■ What needs to be done: Write again exactly the lines in the listing below, starting at the line with "Replay : #IoT4Green - Logistique" and ending at the line with "Ocho tapas livianas Fibrelite", both included. Pictures are not copied.

■ Exercise inputs:
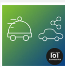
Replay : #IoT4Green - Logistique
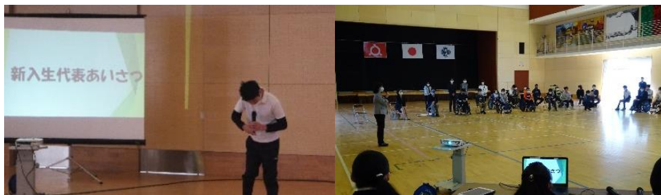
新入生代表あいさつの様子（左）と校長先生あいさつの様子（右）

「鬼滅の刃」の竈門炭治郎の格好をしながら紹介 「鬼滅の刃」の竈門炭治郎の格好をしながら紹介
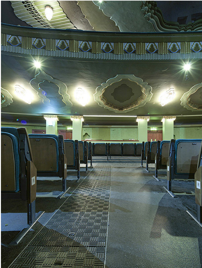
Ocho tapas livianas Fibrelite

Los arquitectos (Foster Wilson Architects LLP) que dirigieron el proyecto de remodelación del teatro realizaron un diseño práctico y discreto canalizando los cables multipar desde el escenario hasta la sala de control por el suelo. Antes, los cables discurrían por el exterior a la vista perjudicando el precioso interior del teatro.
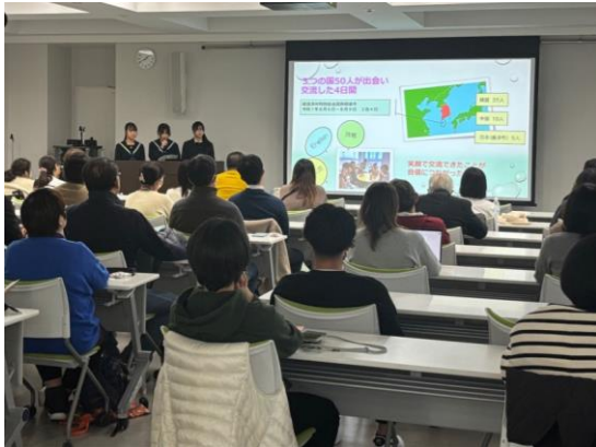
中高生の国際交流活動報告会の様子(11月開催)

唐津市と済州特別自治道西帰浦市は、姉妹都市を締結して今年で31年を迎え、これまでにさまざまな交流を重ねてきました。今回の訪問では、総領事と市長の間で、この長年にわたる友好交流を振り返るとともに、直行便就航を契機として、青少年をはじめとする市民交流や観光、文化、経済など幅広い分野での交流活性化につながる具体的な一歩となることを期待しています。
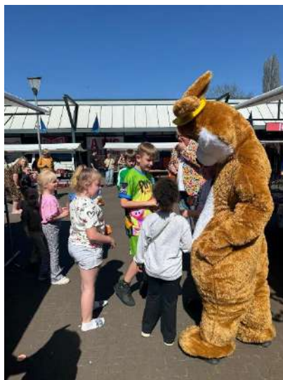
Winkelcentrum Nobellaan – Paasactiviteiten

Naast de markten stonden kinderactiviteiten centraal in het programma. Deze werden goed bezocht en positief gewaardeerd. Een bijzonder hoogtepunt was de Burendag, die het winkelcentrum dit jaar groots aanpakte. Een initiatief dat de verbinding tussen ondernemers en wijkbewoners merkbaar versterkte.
---
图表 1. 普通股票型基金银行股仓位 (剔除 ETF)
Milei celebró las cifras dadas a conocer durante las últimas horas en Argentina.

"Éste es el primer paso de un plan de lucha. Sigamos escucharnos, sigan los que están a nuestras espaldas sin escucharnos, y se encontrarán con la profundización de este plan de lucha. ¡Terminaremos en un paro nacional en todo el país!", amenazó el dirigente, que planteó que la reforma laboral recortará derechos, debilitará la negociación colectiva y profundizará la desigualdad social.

■ Problem solution:
Replay : #IoT4Green - Logistique
新入生代表あいさつの様子（左）と校長先生あいさつの様子（右）

「鬼滅の刃」の竈門炭治郎の格好をしながら紹介 「鬼滅の刃」の竈門炭治郎の格好をしながら紹介
Ocho tapas livianas Fibrelite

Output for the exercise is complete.